There is no shortage of biographies of Catherine the Great, of varying quality and degrees of sensationalism. But there exists no brief account of her reign that incorporates the extensive research findings of the last twenty years and presents them accessibly, accurately, and concisely to the student and the general reader. Following her magisterial Russia in the Age of Catherine the Great, Isabel de Madariaga has written the most informative, balanced and up-to-date short study of this spectacular period in Russian history.
De Madariaga establishes an authoritative account of the events of Catherine's life, disentangling the myth from the verifiable reality. But her principal aim is to provide an account of the achievements of the thirty-four-year reign. Well-read and intelligent, Catherine presided over a fundamental reorganization of central and local government, of financial administration, of law, and of literary and cultural life. De Madariaga tracks the changes and explains the reforms, placing them in the context of eighteenth-century Europe and the ideas of the Enlightenment and of the French Revolution. Chapters on the wars against the Turkish empire, the annexation of the Crimea in 1783, and the partition of Poland demonstrate Catherine's part in building Russia into a formidable European power.
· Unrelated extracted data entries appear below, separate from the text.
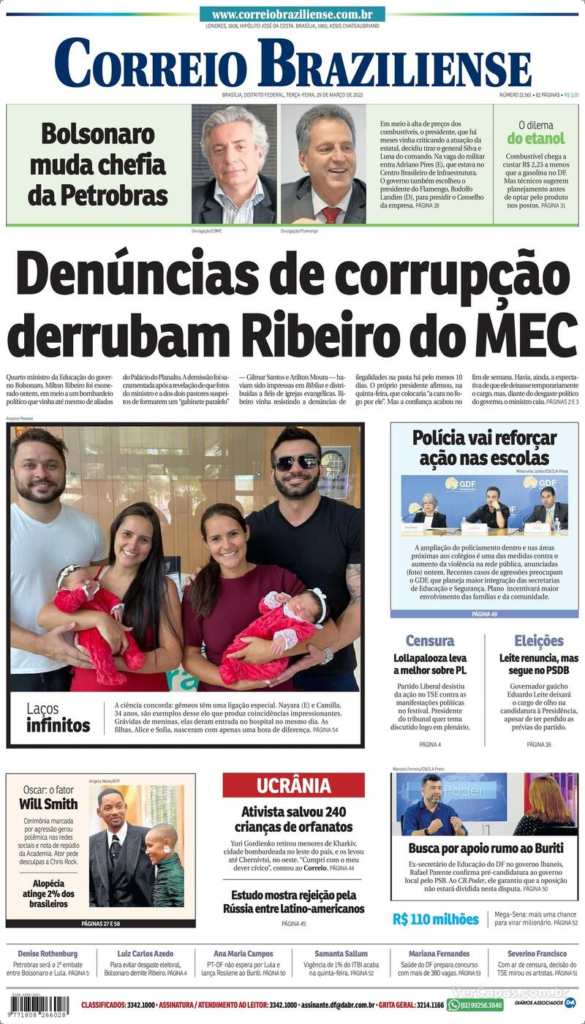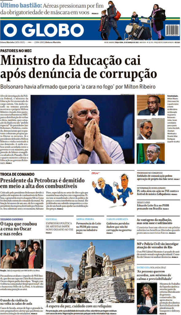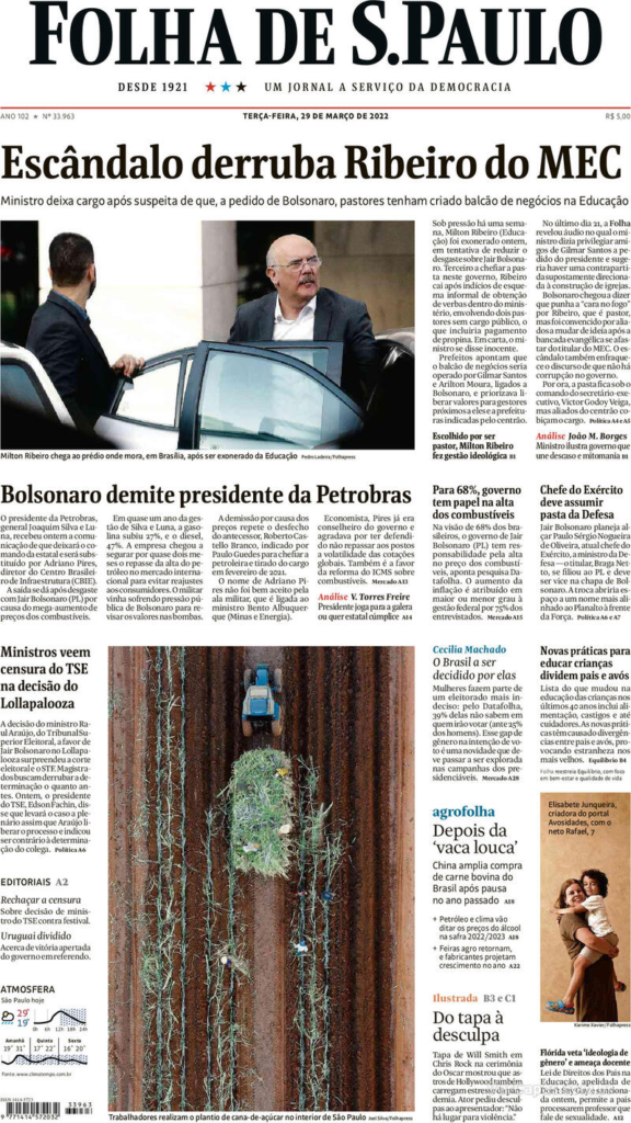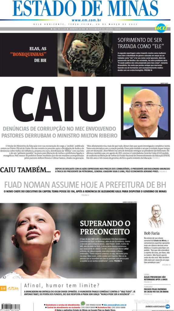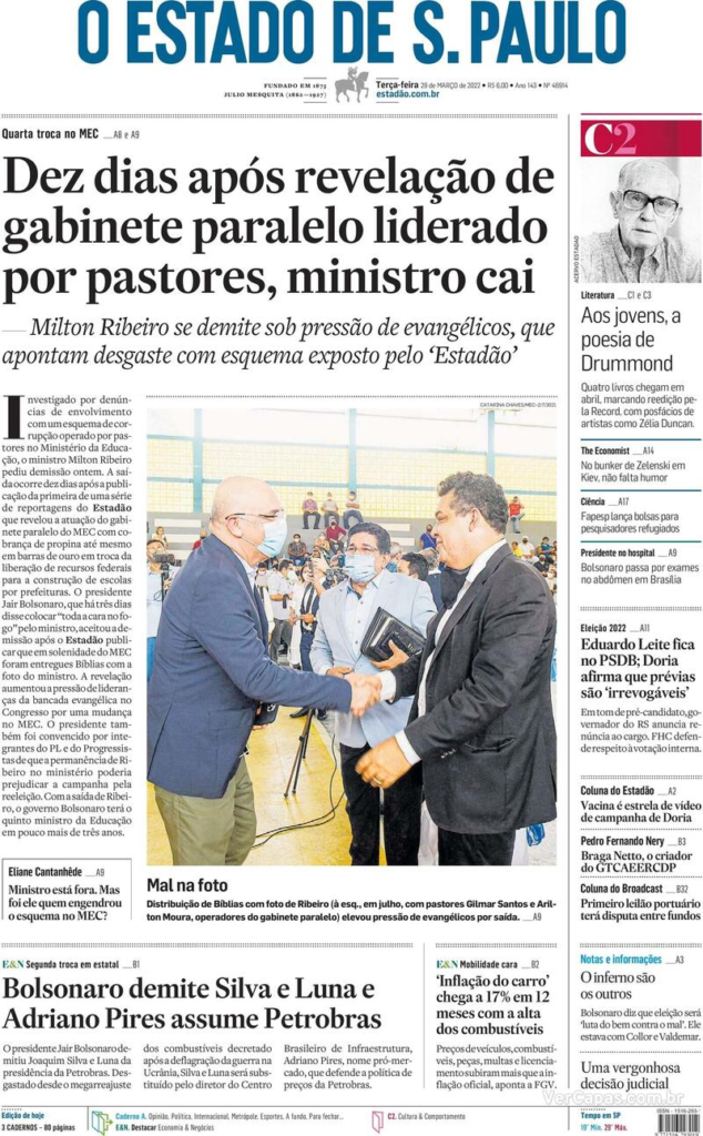 A queda do ministro da Educação, Milton Ribeiro, está na capa dos principais jornais do país nesta terça-feira. O ministro não resistiu ao escândalo dos pastores evangélicos que transformaram o ministério em um balcão de negócios intermediando verbas para as prefeituras. Bolsonaro teria optado por nomear o secretário-executivo como ministro. Líderes políticos começaram a veicular possíveis substitutos.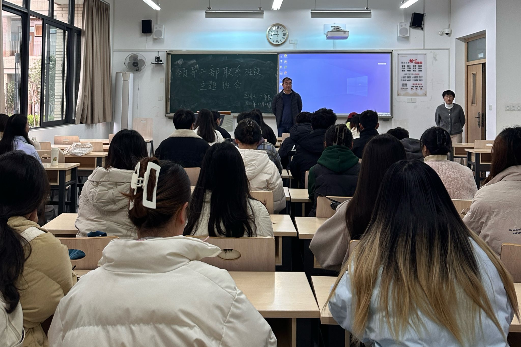 11月21日上午9点,明德楼A区102教室里,一场特别的师生交流活动在这里拉开帷幕。我院副院长于军民教授以“幸福源于奔跑”为主题,与2022级1班全体同学展开了一场意义非凡的心灵对话。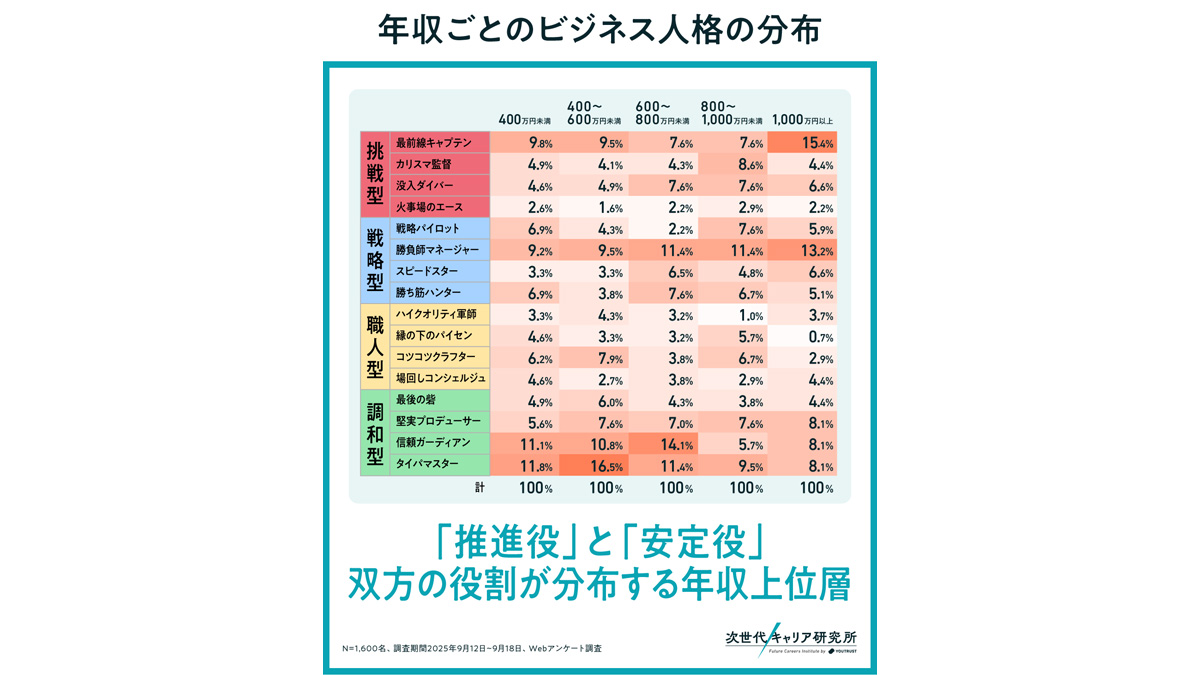 高年収帯(1,000万円以上)では、前線で成果責任を担う推進役タイプの比率が高まる傾向が見られた。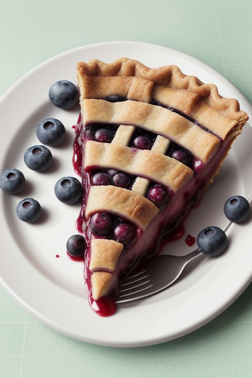 Slice of blueberry pie, white plate, green checkered background, photorealistic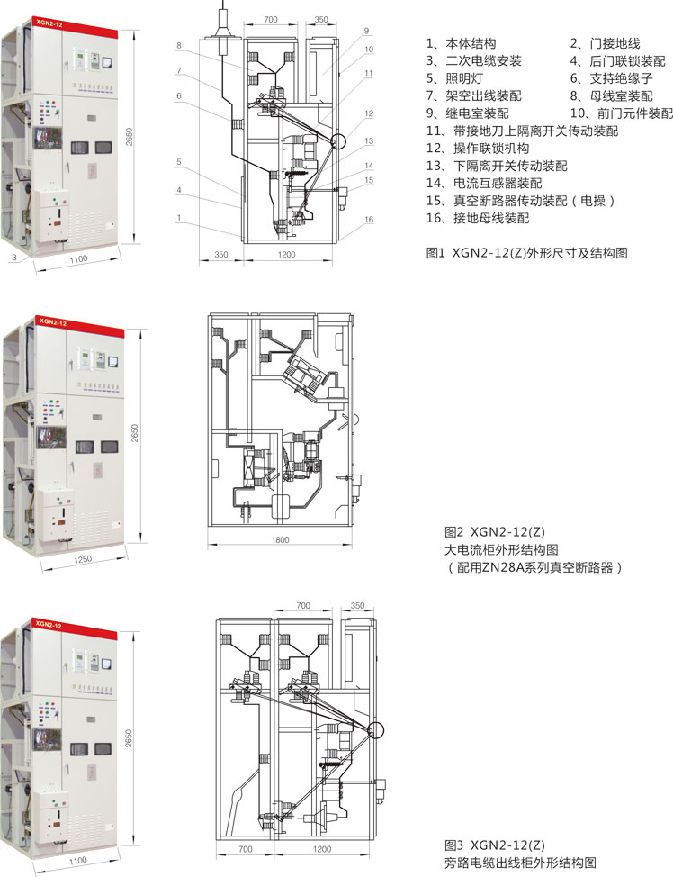 XGN2-12(Z)開(kāi)關(guān)柜為金屬封閉箱式結(jié)構(gòu),柜體骨架由角鋼焊接而成,柜內(nèi)分為斷路器室、母線室、電纜室、繼電器室等,室與室之間用鋼板隔開(kāi)。
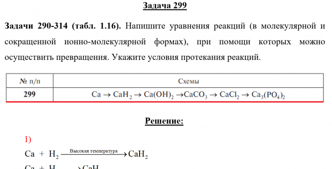 Главная » Учебные материалы » Химия » Решения задач » Несколько классов/семестров » Номер 299 » Задача 299 - Напишите уравнения реакций (в молекулярной и сокращенной ионно-молекулярной формах), при помощи которых можно осуществить превращения. Укажите условия протекания реакций.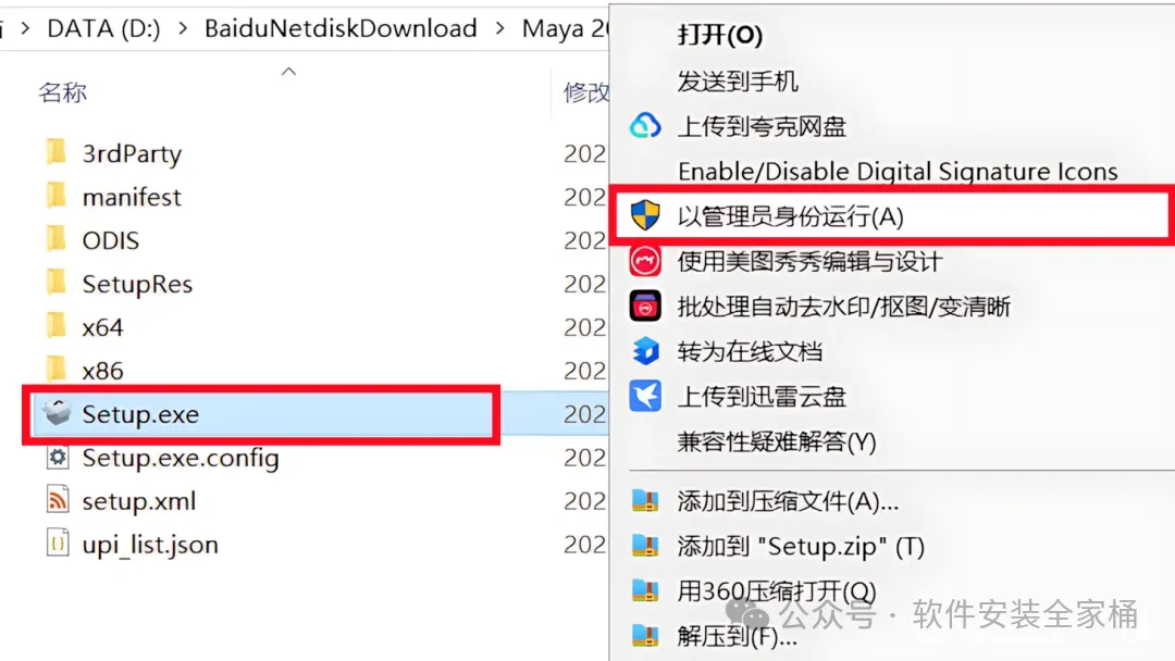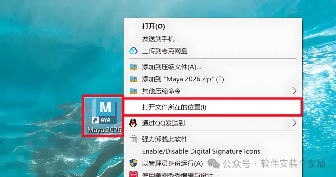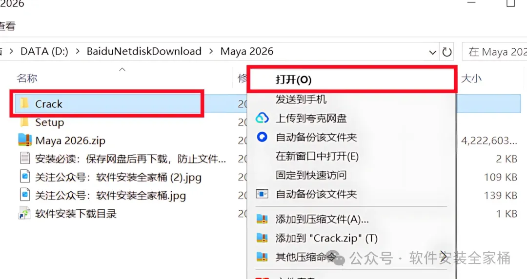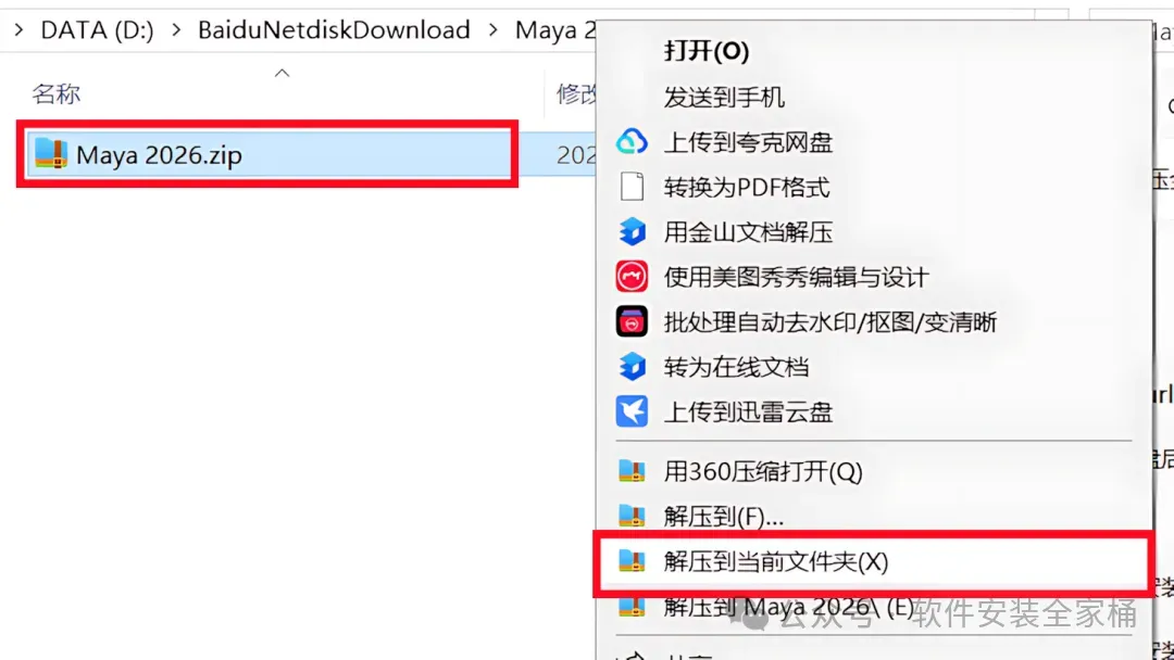 1.打开下载的Maya2026软件安装包,鼠标右击压缩包选择【解压到当前文件夹】。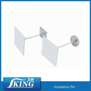 The cup head pin consist of a steel pin firmly mounted on a galvanised steel washer. And cup-head-pin with plastic sleeve are similar except that the shank is partially insulated. Thanks to this insulated shank and the use of the CHP gun, it is possible to fasten aluminium faced insulation.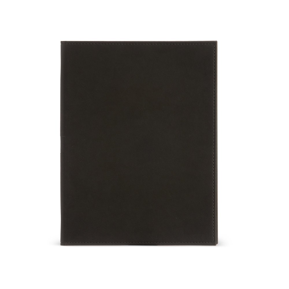 Pasta convenção de couro sintético, possui porta caneta, compartimento para arquivar documentos, dois bolsos para cartões e um bloco com aproximadamente 25 folhas brancas não pautadas.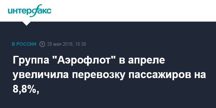 Москва. 25 мая. INTERFAX.RU - Группа "Аэрофлот" в апреле увеличила перевозку пассажиров на 8,8%, до 3,2 млн человек, сообщил перевозчик в среду.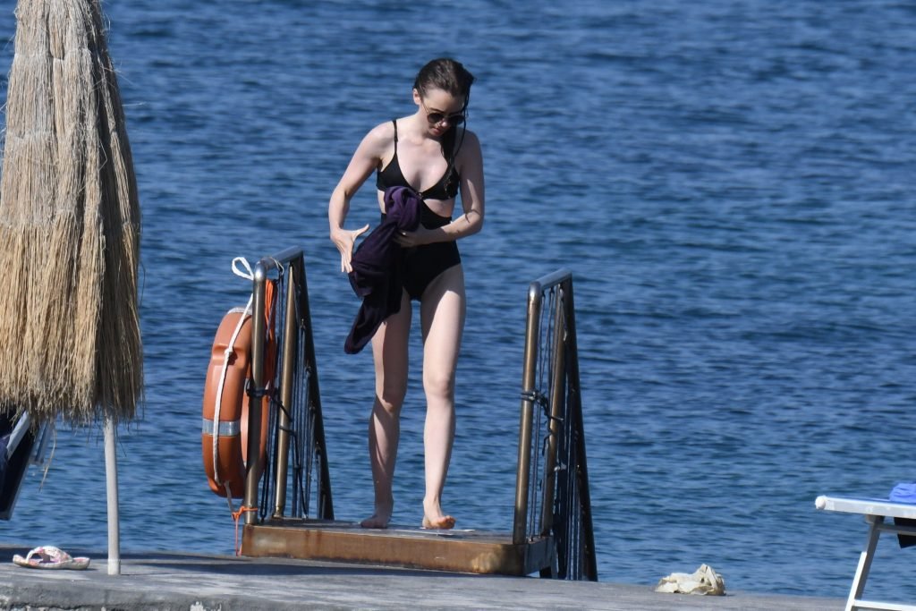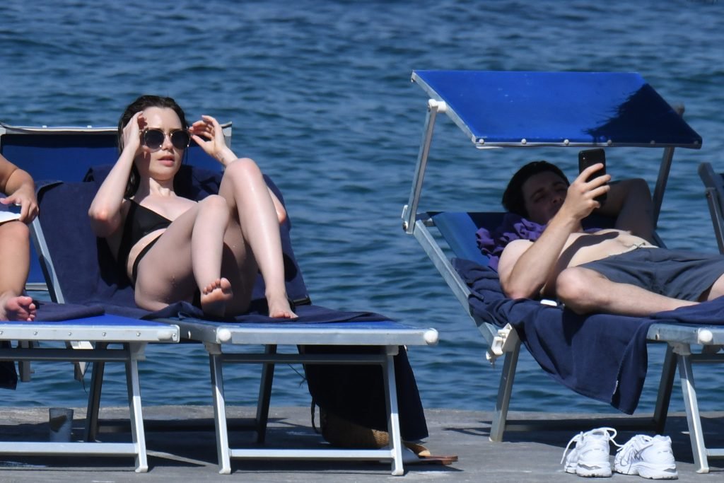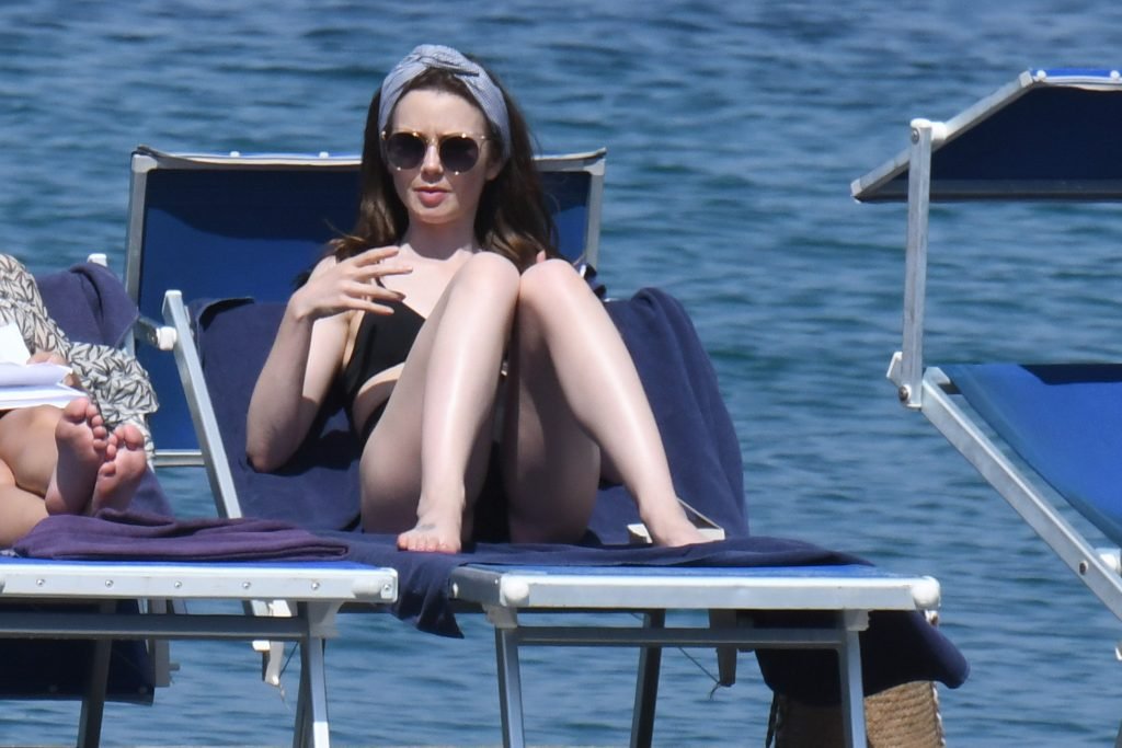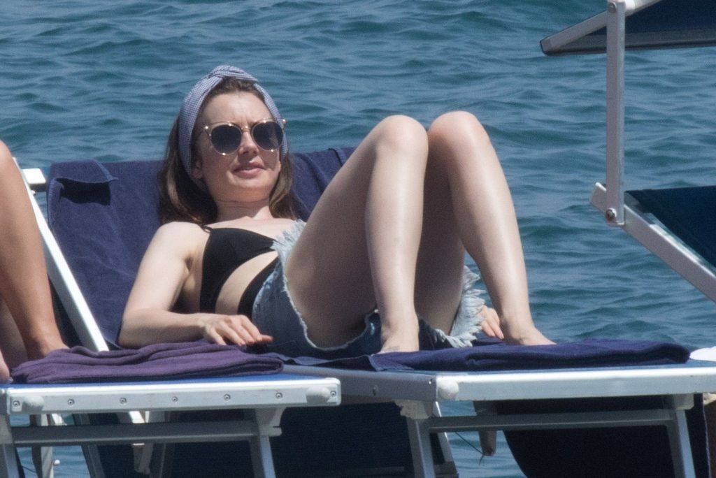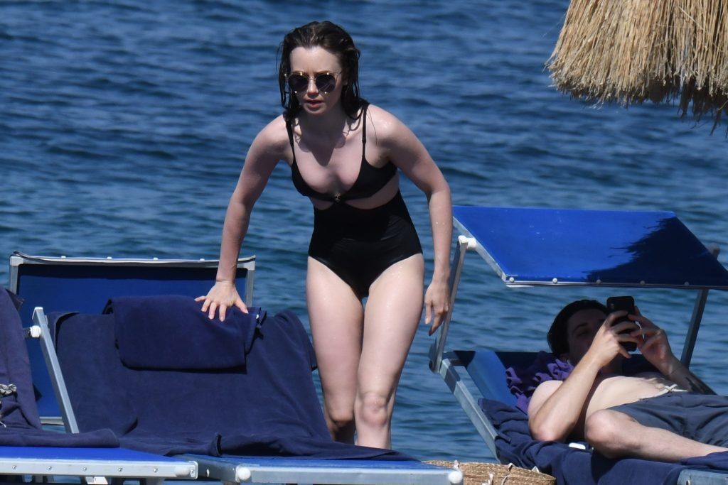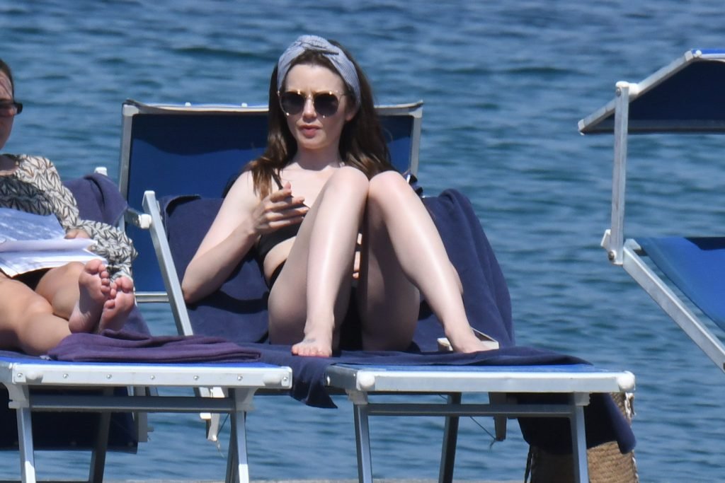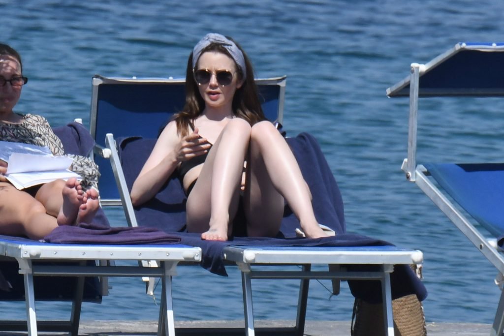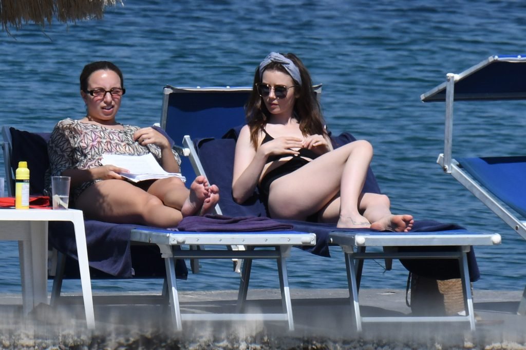 Lily Collins foi vista relaxando no Hotel Regina Isabella em Ischia Porto, Itália, 15/07/2018. A atriz de 29 anos foi vista usando um maiô preto.

The text is distinguished throughout by the attention paid to historical controversies over the interpretation of Catherine's policies and to teh historiography on the period in general. Praised by French writers of her day and attacked by later historians for her neglect of the welfare of the serfs, Catherine's achievements are now measured against the difficulties she met. The book points to the problems Catherine faced, the human and material resources on which she could draw, and the intellectual climate in which she operated. De Madariaga considers past and present assessments of Catherine and consolidates balanced judgments, profound understanding, and exhaustive reserach into a highly assimilable form.